This code implements the Attention for Novel Object Captioning (ANOC)
If you find the code useful in your research, please consider citing the paper.
@InProceedings{xianyu:2021:anoc,
author={Xianyu Chen and Ming Jiang and Qi Zhao},
title = {Leveraging Human Attention in Novel Object Captioning},
booktitle = {Proceedings of the International Joint Conference on Artificial Intelligence (IJCAI)},
year = {2021}
}
We adopt the official implementation of the nocaps
as a baseline model for novel object captioning. We use the bottom-up features provided in this repository. Please refer to these links for further README information.

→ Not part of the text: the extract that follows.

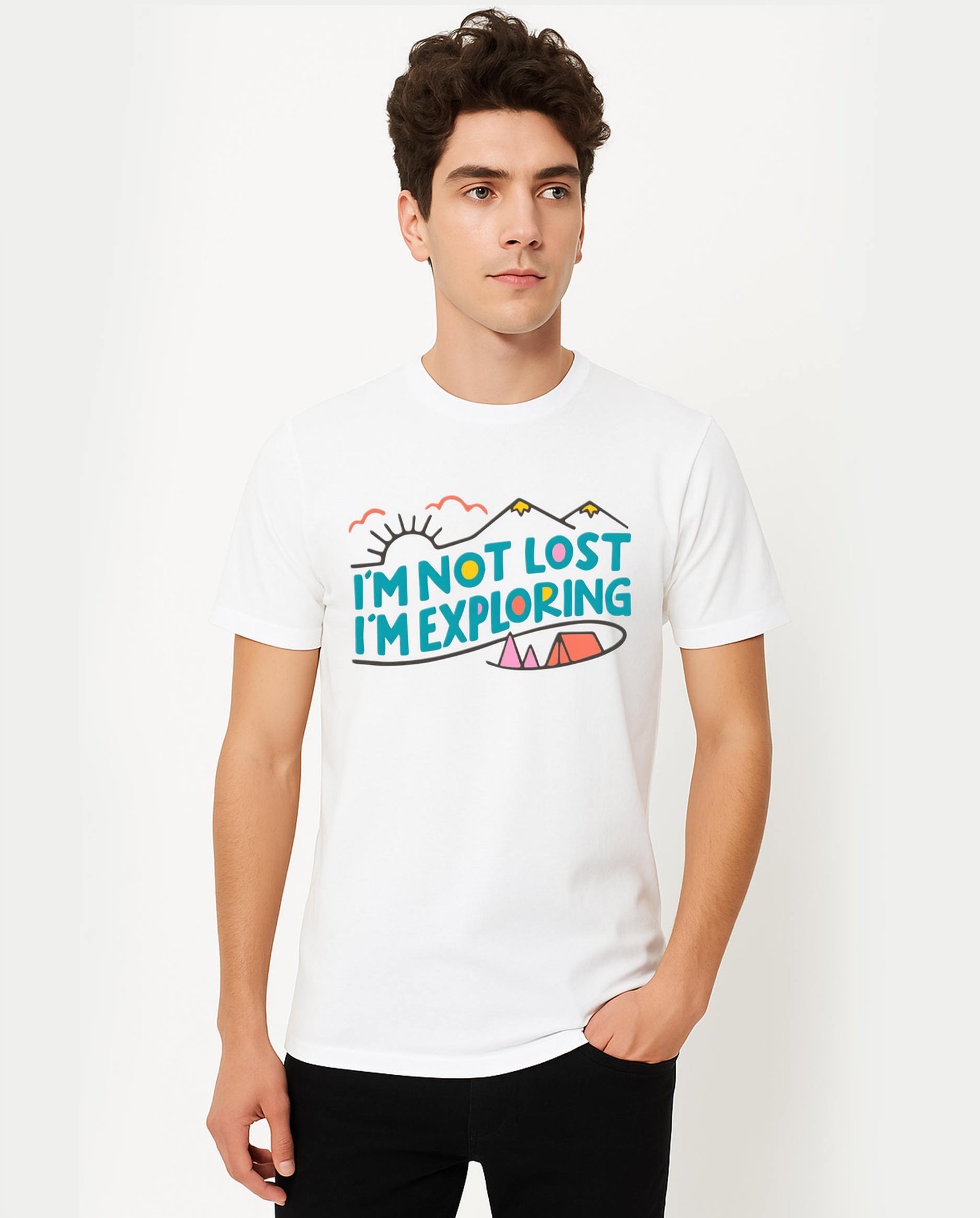 The ‘I Am Not Lost, I’m Exploring’ exploring T-shirt is the perfect travel tee for free-spirited wanderers who discover the world beyond maps.

- Requirements for Pytorch. We use Pytorch 1.1.0 in our experiments.
- Requirements for Tensorflow. We only use the tensorboard for visualization.
- Python 3.6+
Download the extra nocaps dataset that is not provided by nocaps
and unzip it. The human attention weights is in Link (Remenber to download other documents by the instruction)

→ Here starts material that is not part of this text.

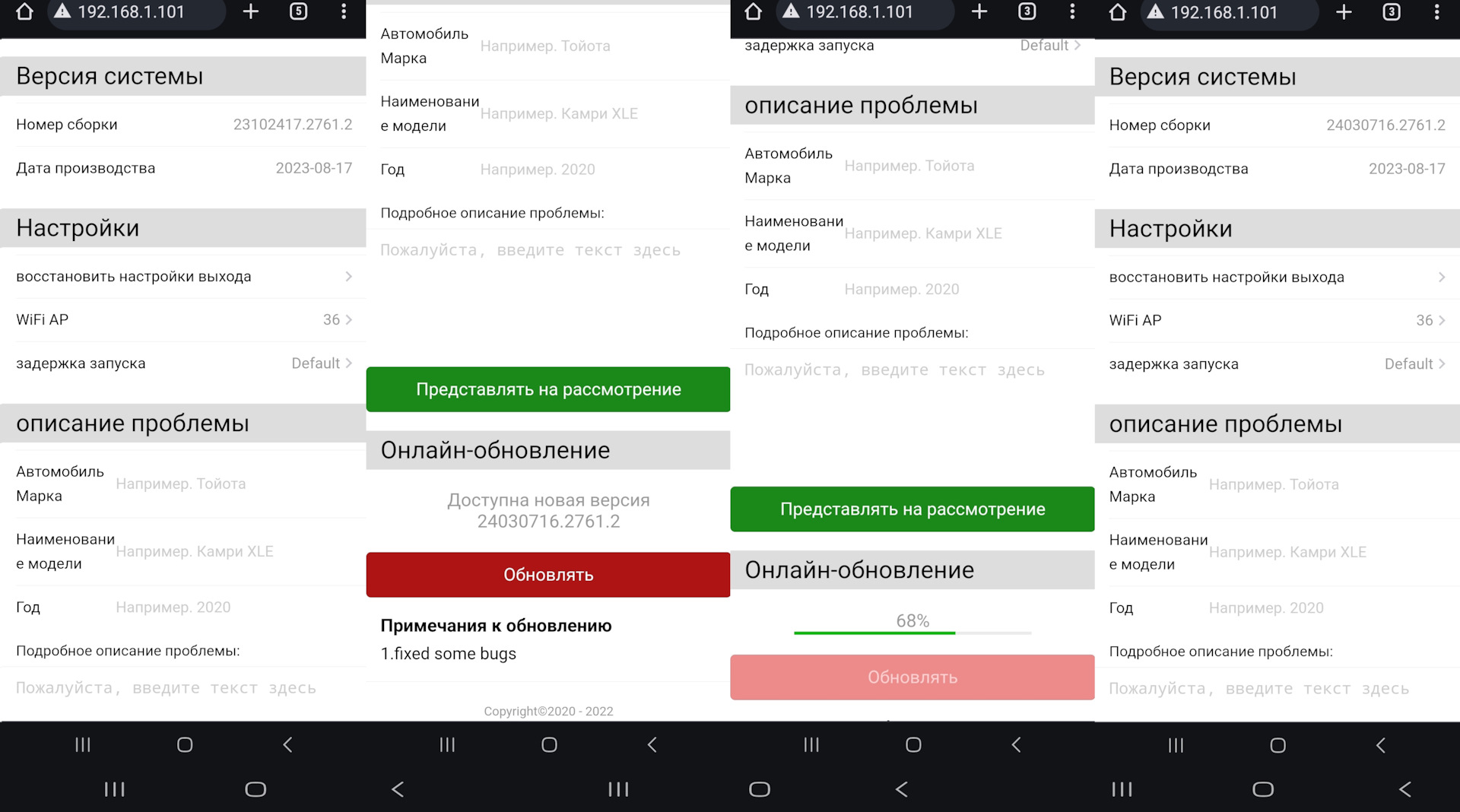 Установить обновление прошивки

This extra human saliency data for COCO
and nocaps
dataset is extracted by Saliency Attentive Model and the detection results for COCO
dataset are extracted by the open image detector.

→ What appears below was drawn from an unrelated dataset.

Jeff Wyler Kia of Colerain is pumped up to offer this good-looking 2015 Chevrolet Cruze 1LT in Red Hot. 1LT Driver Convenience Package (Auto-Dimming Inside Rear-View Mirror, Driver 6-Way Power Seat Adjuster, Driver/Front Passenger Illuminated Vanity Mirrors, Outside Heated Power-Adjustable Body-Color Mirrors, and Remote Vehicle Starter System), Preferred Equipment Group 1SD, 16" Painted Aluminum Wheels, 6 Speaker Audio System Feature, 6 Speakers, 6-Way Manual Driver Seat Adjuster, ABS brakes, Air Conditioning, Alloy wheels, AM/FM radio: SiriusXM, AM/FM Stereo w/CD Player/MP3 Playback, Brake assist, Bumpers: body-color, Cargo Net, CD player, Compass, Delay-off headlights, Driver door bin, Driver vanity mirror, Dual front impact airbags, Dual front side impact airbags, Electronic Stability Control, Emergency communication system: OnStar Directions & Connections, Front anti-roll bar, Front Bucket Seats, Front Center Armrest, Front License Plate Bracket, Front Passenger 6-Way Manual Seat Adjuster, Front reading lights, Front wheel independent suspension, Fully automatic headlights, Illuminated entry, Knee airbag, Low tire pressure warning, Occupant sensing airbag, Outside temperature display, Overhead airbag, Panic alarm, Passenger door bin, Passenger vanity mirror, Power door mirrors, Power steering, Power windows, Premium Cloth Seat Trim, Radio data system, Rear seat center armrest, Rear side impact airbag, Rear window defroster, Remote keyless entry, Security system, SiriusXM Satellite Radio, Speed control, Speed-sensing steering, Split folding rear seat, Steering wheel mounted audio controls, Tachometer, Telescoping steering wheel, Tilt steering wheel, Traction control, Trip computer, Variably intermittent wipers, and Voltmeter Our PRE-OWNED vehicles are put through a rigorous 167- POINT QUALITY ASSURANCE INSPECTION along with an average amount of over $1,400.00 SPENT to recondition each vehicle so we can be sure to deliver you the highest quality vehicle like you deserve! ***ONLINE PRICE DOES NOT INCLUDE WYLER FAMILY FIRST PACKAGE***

For training without SCST, you can execute the following scripts
CUDA_VISIBLE_DEVICES=0 python scripts/train.py \
--config configs/updown_plus_cbs_saliency_nocaps_val.yaml \
--checkpoint-every 1000 \
--gpu-ids 0 \
--serialization-dir checkpoints/anoc
For visualization, one can use tensorboard to check the performance on the nocaps
validation set and monitor the training process.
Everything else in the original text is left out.